• _Task instructions_
Return the data below exactly, please, but drop the pictures.

• _Dataset section_
================
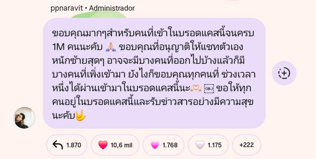 IG: ppnaravit"Muito obrigado a todos que entraram nesta transmissão e ao número de participantes que já ultrapassou 1 milhão! 🙏🏼 Obrigado por permitirem que o chat de vocês fique 'pesado no lado esquerdo'. Alguns podem ter saído e outros podem ter acabado de entrar na sala. De qualquer forma, obrigado a todos que passaram uma parte desta transmissão conosco 🫶🏼 Espero que todos se sintam entretidos aqui e que gostem de receber as notícias 🤟"
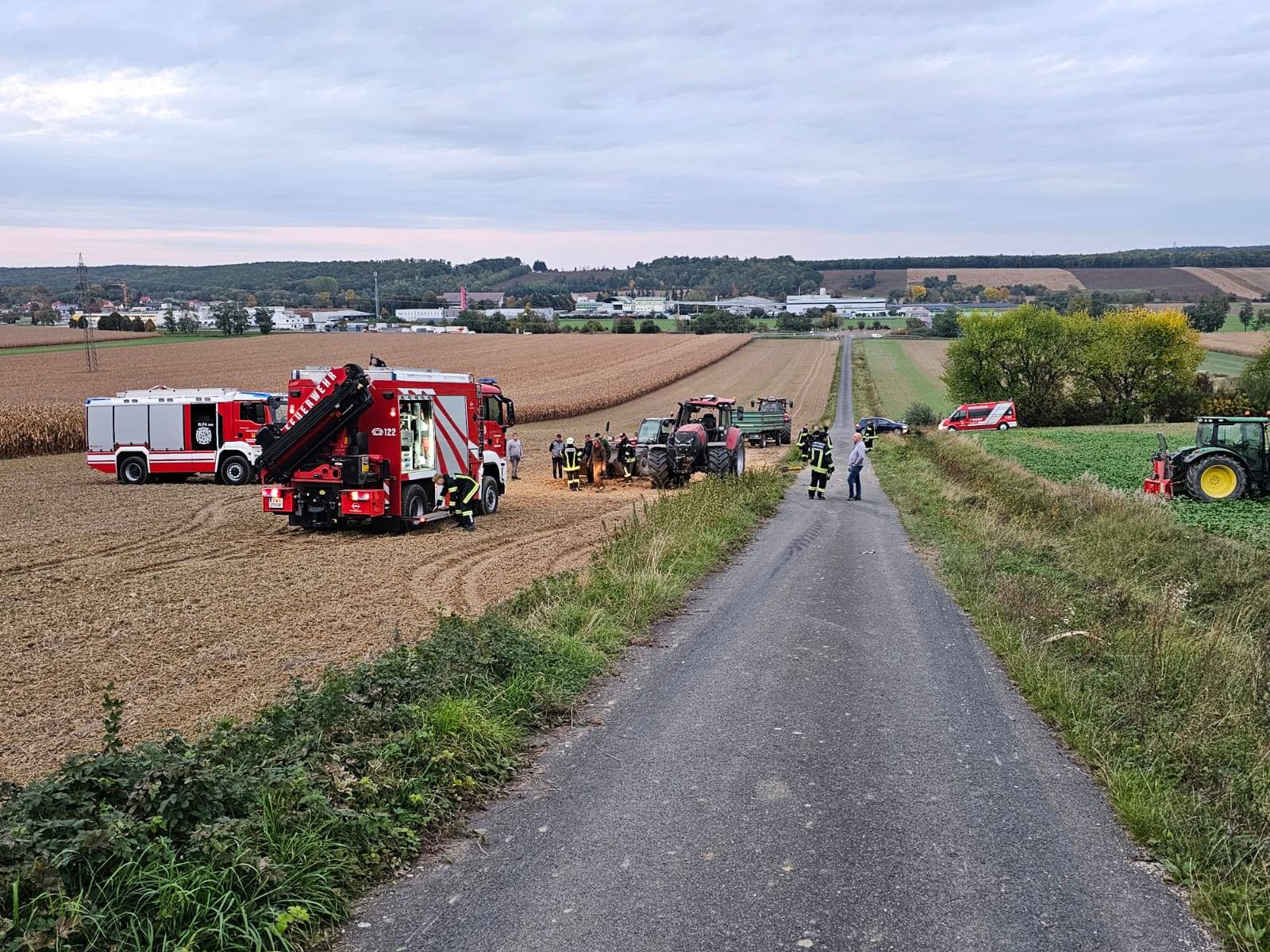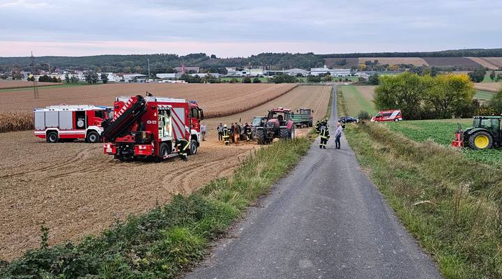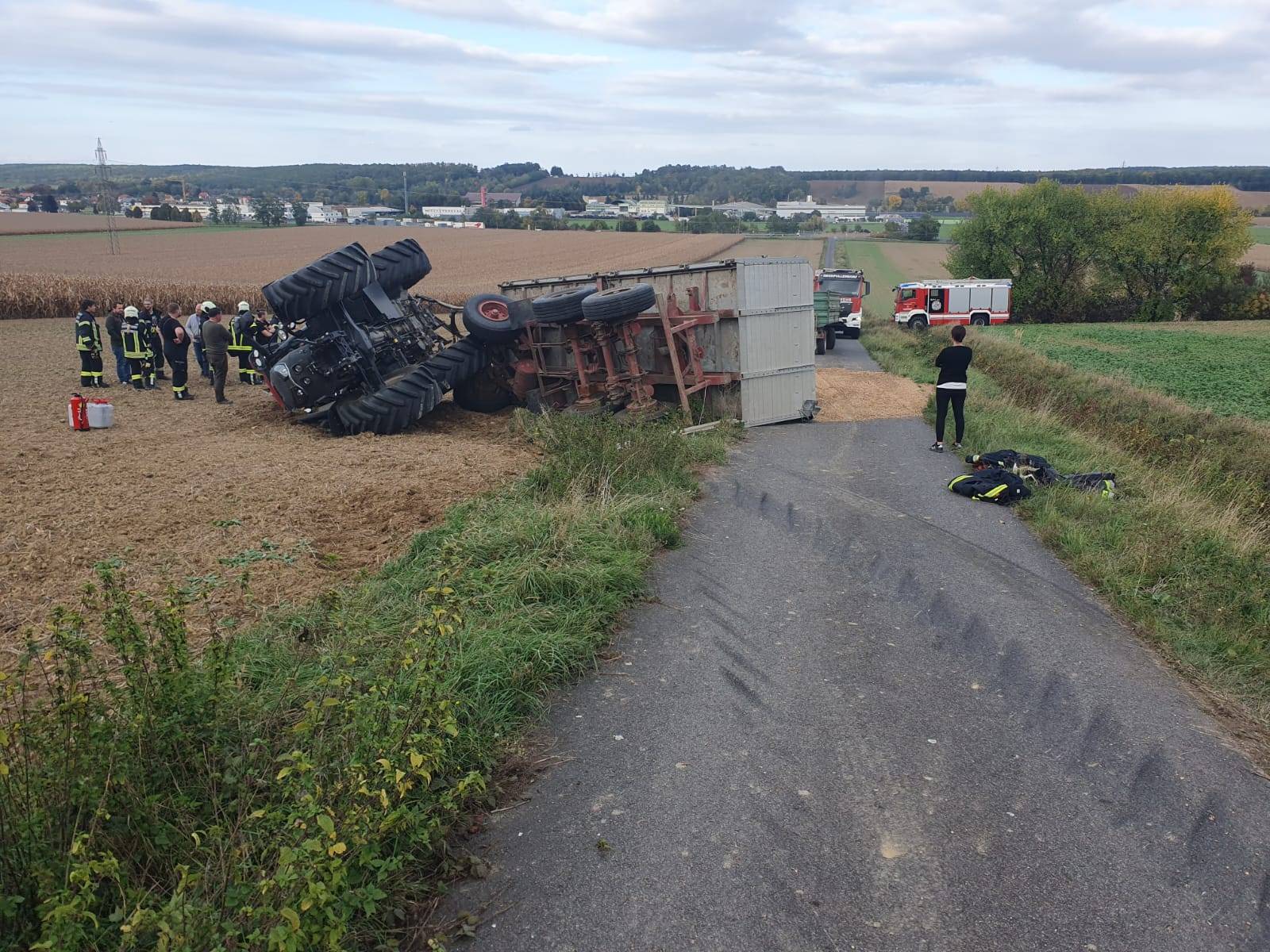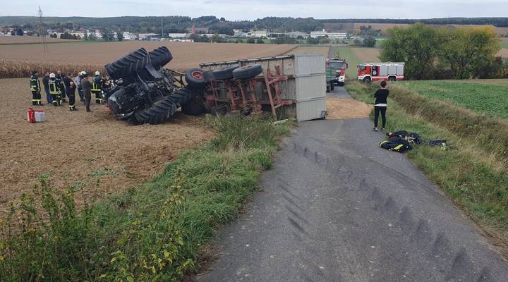 Vor Ort zeigte sich, dass der Anhänger mit Sojabohnen teilweise umgestürzt war und die Ladung bereits ausgetreten ist.
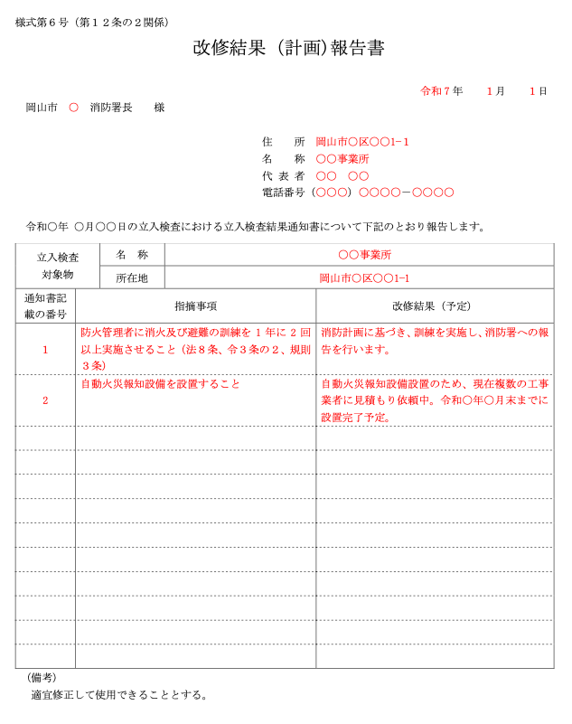 - 「改修結果(計画)報告書」は、立入検査結果通知書に記載されている提出期限までに、消防署に提出を完了させてください。
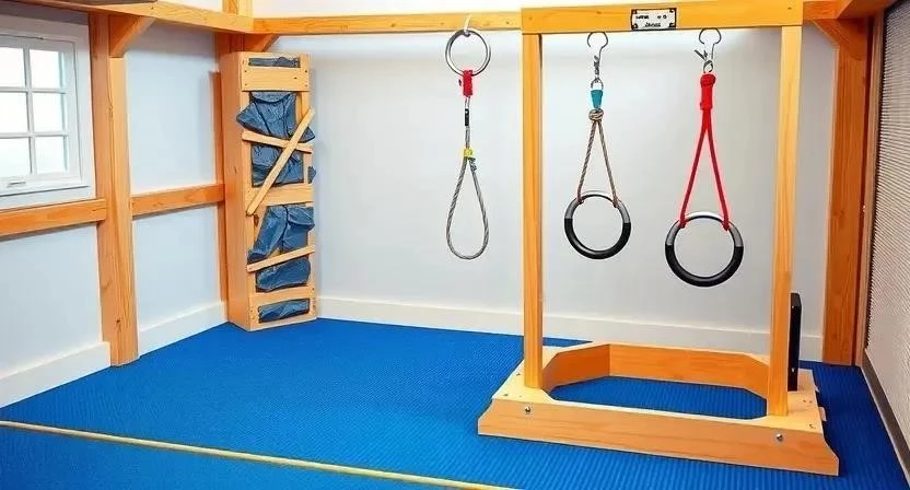 - Для просторной комнаты: Шведская стенка, турник, кольца, канат, горка, батут, лазалка.
================
• _Answer for the task_
 IG: ppnaravit"Muito obrigado a todos que entraram nesta transmissão e ao número de participantes que já ultrapassou 1 milhão! 🙏🏼 Obrigado por permitirem que o chat de vocês fique 'pesado no lado esquerdo'. Alguns podem ter saído e outros podem ter acabado de entrar na sala. De qualquer forma, obrigado a todos que passaram uma parte desta transmissão conosco 🫶🏼 Espero que todos se sintam entretidos aqui e que gostem de receber as notícias 🤟"
 Vor Ort zeigte sich, dass der Anhänger mit Sojabohnen teilweise umgestürzt war und die Ladung bereits ausgetreten ist.
 - 「改修結果(計画)報告書」は、立入検査結果通知書に記載されている提出期限までに、消防署に提出を完了させてください。
 - Для просторной комнаты: Шведская стенка, турник, кольца, канат, горка, батут, лазалка.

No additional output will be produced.